> **ABOUT THIS TASK**
Write out the entries exactly, pictures excluded.

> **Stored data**
'''

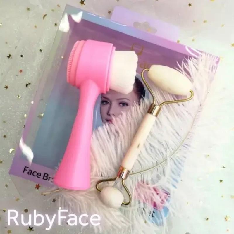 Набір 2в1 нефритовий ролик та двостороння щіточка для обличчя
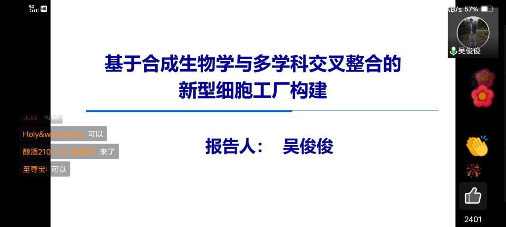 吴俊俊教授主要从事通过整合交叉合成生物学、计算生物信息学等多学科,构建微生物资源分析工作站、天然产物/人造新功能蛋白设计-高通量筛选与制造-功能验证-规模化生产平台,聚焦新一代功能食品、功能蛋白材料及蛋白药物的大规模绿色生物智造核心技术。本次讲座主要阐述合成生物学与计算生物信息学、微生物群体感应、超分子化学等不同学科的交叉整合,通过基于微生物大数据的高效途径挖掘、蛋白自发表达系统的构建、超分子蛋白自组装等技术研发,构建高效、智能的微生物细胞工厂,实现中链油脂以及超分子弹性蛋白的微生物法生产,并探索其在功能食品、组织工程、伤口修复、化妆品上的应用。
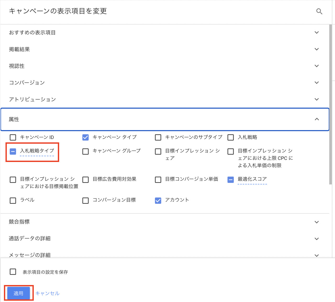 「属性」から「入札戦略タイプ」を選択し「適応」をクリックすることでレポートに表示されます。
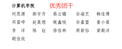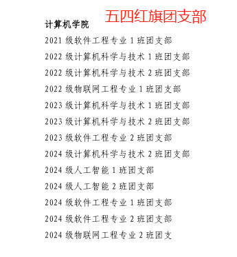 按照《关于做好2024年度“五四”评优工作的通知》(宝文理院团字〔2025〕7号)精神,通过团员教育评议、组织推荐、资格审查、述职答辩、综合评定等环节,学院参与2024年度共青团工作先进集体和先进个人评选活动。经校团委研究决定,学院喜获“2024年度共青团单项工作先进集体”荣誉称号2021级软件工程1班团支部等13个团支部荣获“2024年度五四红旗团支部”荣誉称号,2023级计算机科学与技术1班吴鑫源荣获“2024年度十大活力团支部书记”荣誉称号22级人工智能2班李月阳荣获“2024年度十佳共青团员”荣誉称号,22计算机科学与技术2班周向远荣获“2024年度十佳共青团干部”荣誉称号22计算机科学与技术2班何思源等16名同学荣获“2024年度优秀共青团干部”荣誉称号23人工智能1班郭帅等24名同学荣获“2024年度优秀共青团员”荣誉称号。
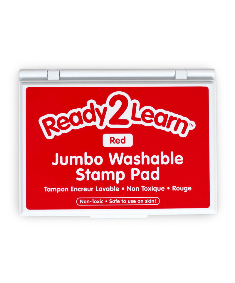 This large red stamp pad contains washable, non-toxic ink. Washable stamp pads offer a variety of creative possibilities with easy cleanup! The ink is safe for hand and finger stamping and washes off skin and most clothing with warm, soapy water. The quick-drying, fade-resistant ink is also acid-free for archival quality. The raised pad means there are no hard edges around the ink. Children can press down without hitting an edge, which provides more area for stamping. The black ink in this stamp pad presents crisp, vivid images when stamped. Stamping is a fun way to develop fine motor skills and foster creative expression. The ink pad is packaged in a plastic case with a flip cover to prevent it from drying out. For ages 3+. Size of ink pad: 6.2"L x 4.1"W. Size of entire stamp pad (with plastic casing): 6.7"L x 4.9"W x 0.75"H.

'''

> **OUTPUT OF THE EXERCISE**
 Набір 2в1 нефритовий ролик та двостороння щіточка для обличчя
 吴俊俊教授主要从事通过整合交叉合成生物学、计算生物信息学等多学科,构建微生物资源分析工作站、天然产物/人造新功能蛋白设计-高通量筛选与制造-功能验证-规模化生产平台,聚焦新一代功能食品、功能蛋白材料及蛋白药物的大规模绿色生物智造核心技术。本次讲座主要阐述合成生物学与计算生物信息学、微生物群体感应、超分子化学等不同学科的交叉整合,通过基于微生物大数据的高效途径挖掘、蛋白自发表达系统的构建、超分子蛋白自组装等技术研发,构建高效、智能的微生物细胞工厂,实现中链油脂以及超分子弹性蛋白的微生物法生产,并探索其在功能食品、组织工程、伤口修复、化妆品上的应用。
 「属性」から「入札戦略タイプ」を選択し「適応」をクリックすることでレポートに表示されます。
 按照《关于做好2024年度“五四”评优工作的通知》(宝文理院团字〔2025〕7号)精神,通过团员教育评议、组织推荐、资格审查、述职答辩、综合评定等环节,学院参与2024年度共青团工作先进集体和先进个人评选活动。经校团委研究决定,学院喜获“2024年度共青团单项工作先进集体”荣誉称号2021级软件工程1班团支部等13个团支部荣获“2024年度五四红旗团支部”荣誉称号,2023级计算机科学与技术1班吴鑫源荣获“2024年度十大活力团支部书记”荣誉称号22级人工智能2班李月阳荣获“2024年度十佳共青团员”荣誉称号,22计算机科学与技术2班周向远荣获“2024年度十佳共青团干部”荣誉称号22计算机科学与技术2班何思源等16名同学荣获“2024年度优秀共青团干部”荣誉称号23人工智能1班郭帅等24名同学荣获“2024年度优秀共青团员”荣誉称号。
 This large red stamp pad contains washable, non-toxic ink. Washable stamp pads offer a variety of creative possibilities with easy cleanup! The ink is safe for hand and finger stamping and washes off skin and most clothing with warm, soapy water. The quick-drying, fade-resistant ink is also acid-free for archival quality. The raised pad means there are no hard edges around the ink. Children can press down without hitting an edge, which provides more area for stamping. The black ink in this stamp pad presents crisp, vivid images when stamped. Stamping is a fun way to develop fine motor skills and foster creative expression. The ink pad is packaged in a plastic case with a flip cover to prevent it from drying out. For ages 3+. Size of ink pad: 6.2"L x 4.1"W. Size of entire stamp pad (with plastic casing): 6.7"L x 4.9"W x 0.75"H.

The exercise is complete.